--- Information shown Enclosed Below ---

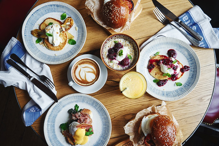 Завтраки подаются каждый день с 9:30 до 12 часов и включают как сытные блюда из яиц и сэндвичи, так и легкие - натуральный йогурт с ягодами, овсянка или блинчики. Меню теперь состоит из четырех разделов: Выбор Джейми, куда входит Супер Фуд омлет из белков с чечевицей, киноа, диким рисом и рикоттой по рецепту из новой книги Джейми, Русский завтрак из глазуньи с беконом, митболами, тушеной фасолью, грибами, драником и томатами на гриле и Вегетарианский завтрак из глазуньи с овощами.
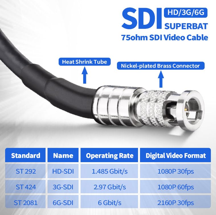 Superbat Câble SDI BNC Coudé 30cm 3G/6G/12G 75 ohms Cordon BNC Double Mâle à Angle Droit Câble RG6 pour Blackmagic Vidéo DVR Oscilloscopes Caméras de Surveillance CCTV (2 pièces Connecteur HD BNC Miniature : Adoptant une conception de connecteur miniature, compacte, la connexion à baïonnette assure une fixation sûre et solide, adaptée aux équipements à haute densité. Connecteur BNC Femelle HD BNC Micro Mâle Superbat Câble BNC 3G/HD SDI 75Ohm RG179 Câble Vidéo SDI 30cm Bnc Male A Souder Specification: Type de Câble : Belden 1855A ; Type de Connecteurs : BNC Femelle to HD BNC Micro Mâle 90°; Connecteurs : dorés ; Impédance : 75 ohms ; Longueur : 30cm ; Emballage : 1 X câble HD BNC. En cas de réception d'un produit défectueux, veuillez nous contacter et nous le remplacerons rapidement pour vous. Entre-temps, nous offrons également un service personnalisé, nous pouvons vous fournir des câbles de la longueur, spécification et couleur dont vous avez besoin. Adaptateur BNC Male vers BNC femelle coudé HangTon Câble vidéo 6G SDI HD Micro BNC vers BNC femelle pour moniteur Blackmagic Video Assist 5 (1 m Gainage en PVC flexible, résistant aux UV et au vieillissement, idéal pour une utilisation en extérieur ou en milieu industriel. Service: Ne vous inquiétez pas pour la sécurité, nous avons confiance en la qualité de nos câbles et offrons une garantie d'un an sur nos produits. Câble Belden 1855A : Conçu avec un conducteur en cuivre nu à haute conductivité pour une transmission stable des signaux haute fréquence et une réduction des pertes.
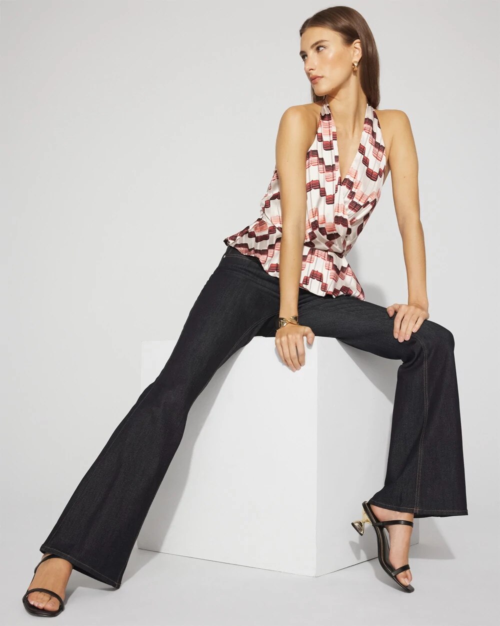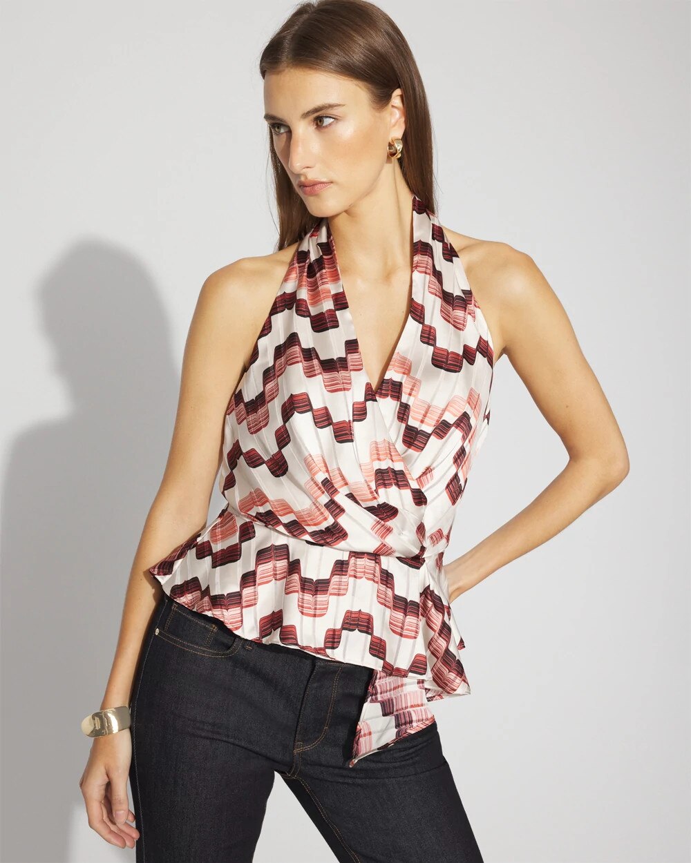 Instantly elevate your denim or shorts with this satin halter top. A surplice neckline is secured with a hook in front, and the fabric extends into an asymmetric peplum hem. Gripper tape ensures a secure fit.
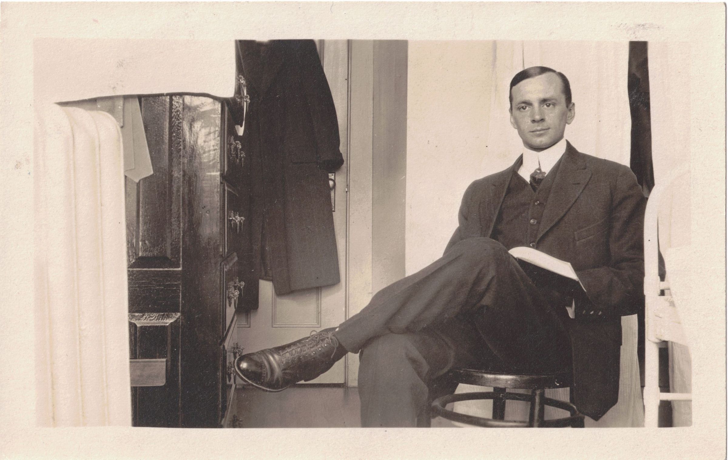 Photograph of William Schuster sitting in a chair, presumably in his room at Ray Brook, with his legs crossed and a book on his lap. Caption on reverse reads, "Nov 25, 15. Wt. 130 lbs. For Mamma." An identical photo with the same caption reads, "For Toots."Photograph Details
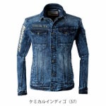 | 【特徴】 | 7350 SERIES The headliner has descended! その機能、そのルックス、 アイズデニム10年の歴史がたどり着いた一つの理想系。 新たなディケイドが今はじまる。 ◆不朽の名作#7340シリーズを機能性、 ルックス両面で鮮やかにブラッシュアップ。 新たな時代のメインストリームを疾走するフラッグシップモデルが登場。 ◆しっかりとした質感の10.5オンスストレッチデニム素材を採用。 ハードワークに適した肉厚感の素材な がらもレーヨン配合による適度なしなやかさも併せ持ちます。 ◆伸長率 (ヨコ) 約69%、 伸長回復率 (1時間後) 約90%を誇る驚異的なストレッチ性能。 左右方向のみのストレッチ性能でありながら、 アイズデニム史上屈指の動きやすさを実現します。 ◆素材のみならず、絶妙な3Dカッティングにより更なる動きやすさとスタイリッシュなルックスを両立。 収納性も高く全ての面で高いパフォーマンスを発揮します。 ◆その素材構造により一般基準比タテ約5倍、 ヨコ約6倍の脅威の引裂き強度を誇る高堅牢性モデル。 ◆アイズならではのオリジナリティーの高いブランドロゴプリントを施した、 ユーロテイスト漂う気品高いデザイン性。あらゆるシーンで強い存在感を発揮します。 ◆金属ファスナー、 ドット釦等は国産YKK社製を使用。 細部にまで品質に拘っています。 ・ファスナーとボタンと前立て2重構造 ・スタイリッシュな左袖ペンポケット ・左脇内ポケット ・3Dカッティングによる抜群の動きやすさ |

--- End of Enclosed Information shown ---

Please print the entries shown above again, exactly, and skip the pictures.

* [Result for this task]
 Завтраки подаются каждый день с 9:30 до 12 часов и включают как сытные блюда из яиц и сэндвичи, так и легкие - натуральный йогурт с ягодами, овсянка или блинчики. Меню теперь состоит из четырех разделов: Выбор Джейми, куда входит Супер Фуд омлет из белков с чечевицей, киноа, диким рисом и рикоттой по рецепту из новой книги Джейми, Русский завтрак из глазуньи с беконом, митболами, тушеной фасолью, грибами, драником и томатами на гриле и Вегетарианский завтрак из глазуньи с овощами.
 Superbat Câble SDI BNC Coudé 30cm 3G/6G/12G 75 ohms Cordon BNC Double Mâle à Angle Droit Câble RG6 pour Blackmagic Vidéo DVR Oscilloscopes Caméras de Surveillance CCTV (2 pièces Connecteur HD BNC Miniature : Adoptant une conception de connecteur miniature, compacte, la connexion à baïonnette assure une fixation sûre et solide, adaptée aux équipements à haute densité. Connecteur BNC Femelle HD BNC Micro Mâle Superbat Câble BNC 3G/HD SDI 75Ohm RG179 Câble Vidéo SDI 30cm Bnc Male A Souder Specification: Type de Câble : Belden 1855A ; Type de Connecteurs : BNC Femelle to HD BNC Micro Mâle 90°; Connecteurs : dorés ; Impédance : 75 ohms ; Longueur : 30cm ; Emballage : 1 X câble HD BNC. En cas de réception d'un produit défectueux, veuillez nous contacter et nous le remplacerons rapidement pour vous. Entre-temps, nous offrons également un service personnalisé, nous pouvons vous fournir des câbles de la longueur, spécification et couleur dont vous avez besoin. Adaptateur BNC Male vers BNC femelle coudé HangTon Câble vidéo 6G SDI HD Micro BNC vers BNC femelle pour moniteur Blackmagic Video Assist 5 (1 m Gainage en PVC flexible, résistant aux UV et au vieillissement, idéal pour une utilisation en extérieur ou en milieu industriel. Service: Ne vous inquiétez pas pour la sécurité, nous avons confiance en la qualité de nos câbles et offrons une garantie d'un an sur nos produits. Câble Belden 1855A : Conçu avec un conducteur en cuivre nu à haute conductivité pour une transmission stable des signaux haute fréquence et une réduction des pertes.
 Instantly elevate your denim or shorts with this satin halter top. A surplice neckline is secured with a hook in front, and the fabric extends into an asymmetric peplum hem. Gripper tape ensures a secure fit.
 Photograph of William Schuster sitting in a chair, presumably in his room at Ray Brook, with his legs crossed and a book on his lap. Caption on reverse reads, "Nov 25, 15. Wt. 130 lbs. For Mamma." An identical photo with the same caption reads, "For Toots."Photograph Details
 | 【特徴】 | 7350 SERIES The headliner has descended! その機能、そのルックス、 アイズデニム10年の歴史がたどり着いた一つの理想系。 新たなディケイドが今はじまる。 ◆不朽の名作#7340シリーズを機能性、 ルックス両面で鮮やかにブラッシュアップ。 新たな時代のメインストリームを疾走するフラッグシップモデルが登場。 ◆しっかりとした質感の10.5オンスストレッチデニム素材を採用。 ハードワークに適した肉厚感の素材な がらもレーヨン配合による適度なしなやかさも併せ持ちます。 ◆伸長率 (ヨコ) 約69%、 伸長回復率 (1時間後) 約90%を誇る驚異的なストレッチ性能。 左右方向のみのストレッチ性能でありながら、 アイズデニム史上屈指の動きやすさを実現します。 ◆素材のみならず、絶妙な3Dカッティングにより更なる動きやすさとスタイリッシュなルックスを両立。 収納性も高く全ての面で高いパフォーマンスを発揮します。 ◆その素材構造により一般基準比タテ約5倍、 ヨコ約6倍の脅威の引裂き強度を誇る高堅牢性モデル。 ◆アイズならではのオリジナリティーの高いブランドロゴプリントを施した、 ユーロテイスト漂う気品高いデザイン性。あらゆるシーンで強い存在感を発揮します。 ◆金属ファスナー、 ドット釦等は国産YKK社製を使用。 細部にまで品質に拘っています。 ・ファスナーとボタンと前立て2重構造 ・スタイリッシュな左袖ペンポケット ・左脇内ポケット ・3Dカッティングによる抜群の動きやすさ |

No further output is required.